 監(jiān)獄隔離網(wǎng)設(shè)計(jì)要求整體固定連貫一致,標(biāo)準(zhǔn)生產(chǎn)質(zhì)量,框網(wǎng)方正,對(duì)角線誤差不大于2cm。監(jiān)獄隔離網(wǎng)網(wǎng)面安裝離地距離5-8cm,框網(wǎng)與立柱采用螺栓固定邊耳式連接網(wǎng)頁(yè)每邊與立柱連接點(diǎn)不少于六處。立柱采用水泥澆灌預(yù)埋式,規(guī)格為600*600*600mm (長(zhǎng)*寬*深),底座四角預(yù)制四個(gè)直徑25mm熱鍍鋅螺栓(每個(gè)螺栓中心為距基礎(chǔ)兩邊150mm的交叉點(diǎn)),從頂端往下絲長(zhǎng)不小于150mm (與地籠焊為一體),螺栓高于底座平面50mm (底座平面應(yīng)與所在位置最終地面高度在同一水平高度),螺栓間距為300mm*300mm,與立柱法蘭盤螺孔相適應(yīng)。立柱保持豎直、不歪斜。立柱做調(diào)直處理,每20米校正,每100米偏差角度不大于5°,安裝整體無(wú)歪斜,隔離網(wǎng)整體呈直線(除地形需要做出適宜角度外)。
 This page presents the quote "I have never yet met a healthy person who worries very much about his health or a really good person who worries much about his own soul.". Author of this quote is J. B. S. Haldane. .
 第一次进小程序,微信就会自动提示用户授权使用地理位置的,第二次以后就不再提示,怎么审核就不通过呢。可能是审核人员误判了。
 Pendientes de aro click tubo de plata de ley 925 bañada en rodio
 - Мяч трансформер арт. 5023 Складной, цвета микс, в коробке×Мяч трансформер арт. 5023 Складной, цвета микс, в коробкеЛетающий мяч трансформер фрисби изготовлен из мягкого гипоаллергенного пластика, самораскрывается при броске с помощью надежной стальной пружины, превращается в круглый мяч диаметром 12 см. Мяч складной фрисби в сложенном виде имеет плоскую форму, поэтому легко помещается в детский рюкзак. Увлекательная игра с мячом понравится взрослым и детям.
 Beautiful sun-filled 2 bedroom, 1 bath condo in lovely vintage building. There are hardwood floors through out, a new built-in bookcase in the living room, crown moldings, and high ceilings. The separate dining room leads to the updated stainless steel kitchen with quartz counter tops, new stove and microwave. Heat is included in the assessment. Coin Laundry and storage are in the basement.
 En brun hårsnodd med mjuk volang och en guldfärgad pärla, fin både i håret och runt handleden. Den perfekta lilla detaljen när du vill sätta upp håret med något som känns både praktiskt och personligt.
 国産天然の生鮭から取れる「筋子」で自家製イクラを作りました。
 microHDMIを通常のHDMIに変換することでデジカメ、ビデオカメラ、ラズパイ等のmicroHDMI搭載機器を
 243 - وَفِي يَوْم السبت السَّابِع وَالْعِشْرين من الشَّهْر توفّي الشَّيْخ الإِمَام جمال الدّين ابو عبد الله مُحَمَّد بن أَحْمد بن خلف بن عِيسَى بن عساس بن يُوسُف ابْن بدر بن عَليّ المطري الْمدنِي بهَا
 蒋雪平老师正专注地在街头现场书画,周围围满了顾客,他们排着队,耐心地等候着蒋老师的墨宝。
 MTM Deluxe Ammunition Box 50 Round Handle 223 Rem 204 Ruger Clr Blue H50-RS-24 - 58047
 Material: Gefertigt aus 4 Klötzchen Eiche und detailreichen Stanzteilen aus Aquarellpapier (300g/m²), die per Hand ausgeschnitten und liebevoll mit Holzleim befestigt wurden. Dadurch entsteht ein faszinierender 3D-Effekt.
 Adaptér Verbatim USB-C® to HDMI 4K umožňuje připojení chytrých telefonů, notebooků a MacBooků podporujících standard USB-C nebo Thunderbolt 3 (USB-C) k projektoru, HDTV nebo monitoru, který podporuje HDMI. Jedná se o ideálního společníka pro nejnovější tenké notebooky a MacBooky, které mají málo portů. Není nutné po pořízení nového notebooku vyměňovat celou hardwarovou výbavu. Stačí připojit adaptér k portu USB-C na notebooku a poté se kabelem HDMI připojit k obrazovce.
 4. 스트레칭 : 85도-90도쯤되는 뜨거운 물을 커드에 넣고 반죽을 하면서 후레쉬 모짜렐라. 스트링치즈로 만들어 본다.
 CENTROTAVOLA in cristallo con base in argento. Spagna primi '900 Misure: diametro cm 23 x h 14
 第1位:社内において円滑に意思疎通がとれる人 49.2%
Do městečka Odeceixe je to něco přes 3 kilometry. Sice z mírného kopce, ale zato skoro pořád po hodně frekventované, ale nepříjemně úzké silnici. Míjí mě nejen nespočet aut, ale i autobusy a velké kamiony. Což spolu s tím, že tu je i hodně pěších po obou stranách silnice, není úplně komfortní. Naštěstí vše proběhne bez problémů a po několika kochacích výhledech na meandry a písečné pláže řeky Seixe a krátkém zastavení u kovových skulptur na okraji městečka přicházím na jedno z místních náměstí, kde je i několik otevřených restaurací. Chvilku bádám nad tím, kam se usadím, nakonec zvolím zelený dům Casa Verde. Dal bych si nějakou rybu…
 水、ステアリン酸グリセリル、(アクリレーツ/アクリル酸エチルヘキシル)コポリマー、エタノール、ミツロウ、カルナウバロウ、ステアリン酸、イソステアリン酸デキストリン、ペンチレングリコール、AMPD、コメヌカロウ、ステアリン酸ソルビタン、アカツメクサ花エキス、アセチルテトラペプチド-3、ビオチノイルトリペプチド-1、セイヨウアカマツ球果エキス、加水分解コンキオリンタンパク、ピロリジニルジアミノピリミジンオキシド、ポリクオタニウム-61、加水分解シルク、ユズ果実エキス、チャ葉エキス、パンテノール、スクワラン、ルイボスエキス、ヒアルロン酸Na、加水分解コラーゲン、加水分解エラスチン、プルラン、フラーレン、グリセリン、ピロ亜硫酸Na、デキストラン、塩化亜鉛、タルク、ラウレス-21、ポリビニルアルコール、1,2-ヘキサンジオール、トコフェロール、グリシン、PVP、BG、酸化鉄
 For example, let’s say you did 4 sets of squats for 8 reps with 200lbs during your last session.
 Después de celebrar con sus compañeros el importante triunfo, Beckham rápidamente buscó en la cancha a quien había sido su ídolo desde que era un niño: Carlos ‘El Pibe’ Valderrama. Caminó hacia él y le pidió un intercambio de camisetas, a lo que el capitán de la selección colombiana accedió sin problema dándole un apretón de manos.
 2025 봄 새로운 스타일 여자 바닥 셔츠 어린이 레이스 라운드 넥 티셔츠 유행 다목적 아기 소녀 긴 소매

*Work instructions*
Produce only the lines from the line containing "第一次进小程序,微信就会自动" through the line containing "Material: Gefertigt aus", inclusive of both, exactly as they stand in the entries above.

*Exercise response*
 第一次进小程序,微信就会自动提示用户授权使用地理位置的,第二次以后就不再提示,怎么审核就不通过呢。可能是审核人员误判了。
 Pendientes de aro click tubo de plata de ley 925 bañada en rodio
 - Мяч трансформер арт. 5023 Складной, цвета микс, в коробке×Мяч трансформер арт. 5023 Складной, цвета микс, в коробкеЛетающий мяч трансформер фрисби изготовлен из мягкого гипоаллергенного пластика, самораскрывается при броске с помощью надежной стальной пружины, превращается в круглый мяч диаметром 12 см. Мяч складной фрисби в сложенном виде имеет плоскую форму, поэтому легко помещается в детский рюкзак. Увлекательная игра с мячом понравится взрослым и детям.
 Beautiful sun-filled 2 bedroom, 1 bath condo in lovely vintage building. There are hardwood floors through out, a new built-in bookcase in the living room, crown moldings, and high ceilings. The separate dining room leads to the updated stainless steel kitchen with quartz counter tops, new stove and microwave. Heat is included in the assessment. Coin Laundry and storage are in the basement.
 En brun hårsnodd med mjuk volang och en guldfärgad pärla, fin både i håret och runt handleden. Den perfekta lilla detaljen när du vill sätta upp håret med något som känns både praktiskt och personligt.
 国産天然の生鮭から取れる「筋子」で自家製イクラを作りました。
 microHDMIを通常のHDMIに変換することでデジカメ、ビデオカメラ、ラズパイ等のmicroHDMI搭載機器を
 243 - وَفِي يَوْم السبت السَّابِع وَالْعِشْرين من الشَّهْر توفّي الشَّيْخ الإِمَام جمال الدّين ابو عبد الله مُحَمَّد بن أَحْمد بن خلف بن عِيسَى بن عساس بن يُوسُف ابْن بدر بن عَليّ المطري الْمدنِي بهَا
 蒋雪平老师正专注地在街头现场书画,周围围满了顾客,他们排着队,耐心地等候着蒋老师的墨宝。
 MTM Deluxe Ammunition Box 50 Round Handle 223 Rem 204 Ruger Clr Blue H50-RS-24 - 58047
 Material: Gefertigt aus 4 Klötzchen Eiche und detailreichen Stanzteilen aus Aquarellpapier (300g/m²), die per Hand ausgeschnitten und liebevoll mit Holzleim befestigt wurden. Dadurch entsteht ein faszinierender 3D-Effekt.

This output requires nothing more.